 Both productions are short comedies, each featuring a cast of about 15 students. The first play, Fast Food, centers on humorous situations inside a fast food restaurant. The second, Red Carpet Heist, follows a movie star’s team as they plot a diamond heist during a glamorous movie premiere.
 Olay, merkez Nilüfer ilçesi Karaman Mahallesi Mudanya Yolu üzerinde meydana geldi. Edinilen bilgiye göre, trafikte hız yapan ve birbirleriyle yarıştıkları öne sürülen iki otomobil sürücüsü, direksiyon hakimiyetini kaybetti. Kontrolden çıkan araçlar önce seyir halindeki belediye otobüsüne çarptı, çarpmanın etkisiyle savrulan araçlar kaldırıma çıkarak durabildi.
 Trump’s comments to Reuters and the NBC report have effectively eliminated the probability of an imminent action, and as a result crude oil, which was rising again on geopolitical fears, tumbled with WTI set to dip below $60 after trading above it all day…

* * *

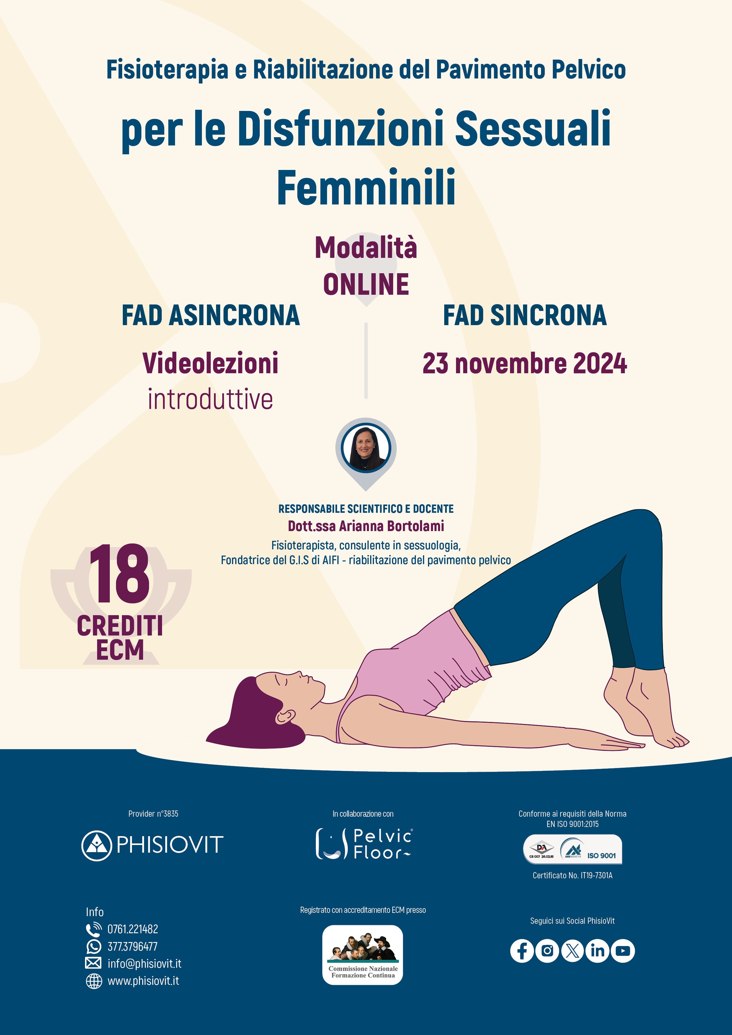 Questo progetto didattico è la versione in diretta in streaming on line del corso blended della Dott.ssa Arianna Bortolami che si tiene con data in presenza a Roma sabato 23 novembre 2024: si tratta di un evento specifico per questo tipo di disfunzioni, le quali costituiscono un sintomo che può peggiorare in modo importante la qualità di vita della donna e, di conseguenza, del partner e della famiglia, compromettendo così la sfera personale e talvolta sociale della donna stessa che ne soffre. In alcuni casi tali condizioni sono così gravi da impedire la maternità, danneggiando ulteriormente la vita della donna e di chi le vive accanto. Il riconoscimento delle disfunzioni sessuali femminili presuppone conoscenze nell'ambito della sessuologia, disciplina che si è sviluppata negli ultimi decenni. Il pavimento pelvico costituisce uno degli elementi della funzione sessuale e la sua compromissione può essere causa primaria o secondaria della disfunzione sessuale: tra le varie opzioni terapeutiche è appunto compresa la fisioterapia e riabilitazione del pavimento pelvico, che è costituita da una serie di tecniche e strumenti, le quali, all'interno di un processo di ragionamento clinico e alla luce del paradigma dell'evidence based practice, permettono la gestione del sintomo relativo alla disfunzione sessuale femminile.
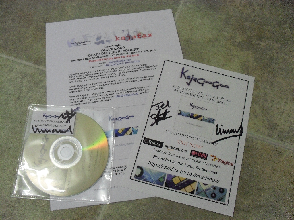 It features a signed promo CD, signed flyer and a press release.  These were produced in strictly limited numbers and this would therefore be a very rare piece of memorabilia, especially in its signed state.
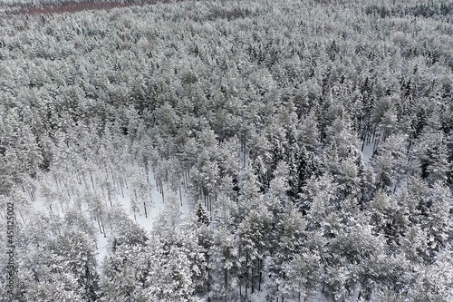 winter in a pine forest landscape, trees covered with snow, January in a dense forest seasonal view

__PROBLEM REQUIREMENTS__.
Beginning at the line above that contains "Both productions are", return each line exactly through the line that contains "Trump’s comments to", and no others.

__REPLY TO THE TASK__.
 Both productions are short comedies, each featuring a cast of about 15 students. The first play, Fast Food, centers on humorous situations inside a fast food restaurant. The second, Red Carpet Heist, follows a movie star’s team as they plot a diamond heist during a glamorous movie premiere.
 Olay, merkez Nilüfer ilçesi Karaman Mahallesi Mudanya Yolu üzerinde meydana geldi. Edinilen bilgiye göre, trafikte hız yapan ve birbirleriyle yarıştıkları öne sürülen iki otomobil sürücüsü, direksiyon hakimiyetini kaybetti. Kontrolden çıkan araçlar önce seyir halindeki belediye otobüsüne çarptı, çarpmanın etkisiyle savrulan araçlar kaldırıma çıkarak durabildi.
 Trump’s comments to Reuters and the NBC report have effectively eliminated the probability of an imminent action, and as a result crude oil, which was rising again on geopolitical fears, tumbled with WTI set to dip below $60 after trading above it all day…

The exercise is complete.